This exercise should push students beyond observation toward interpretation, asking them to explain why different evolutionary outcomes occur and what counts as evidence for those explanations.
Learning goals
- interpret more complex experimental outcomes
- evaluate whether observations support a proposed explanation
- discuss how experimental setup shapes conclusions
Step-by-step flow
- Begin with the previous exercise’s saved setup so everyone starts from the same baseline.
- Apply a consistent selection treatment (e.g., add a resource reward or increase the penalty for a trait) and rerun for the same number of steps.
- Collect the histogram data and reproduction counts for each condition.
- Ask: what changed?
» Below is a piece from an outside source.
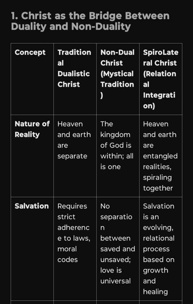 Christ, as both a historical and theological figure, embodies aspects of both structured dualism and emergent monistic integration, making Him a key SpiroLateral figure in bridging opposites.

Which evidence supports the selection explanation?
Suggested use
Use this when students are ready for more analytical discussion and less guided orientation.
What students do
- compare multiple outcomes under selection
- interpret patterns in population-level evidence
- argue for or against explanations using collected data
Legacy lab-book framing
The legacy lab book presented this as Exploring Fitness and Population Change under Selection, emphasizing how patterns in populations can be interpreted as evidence about evolutionary processes.
Supporting materials
- Exercise 3 PDF
- Legacy explainer video remained hosted off-site and should be migrated later
- Legacy explainer video is part of the archived playlist linked from the
legacy site; please add it to
docs/videoswith a transcript-first page so students can still access the narrative.
Estimated time
One to two class meetings depending on the depth of analysis expected.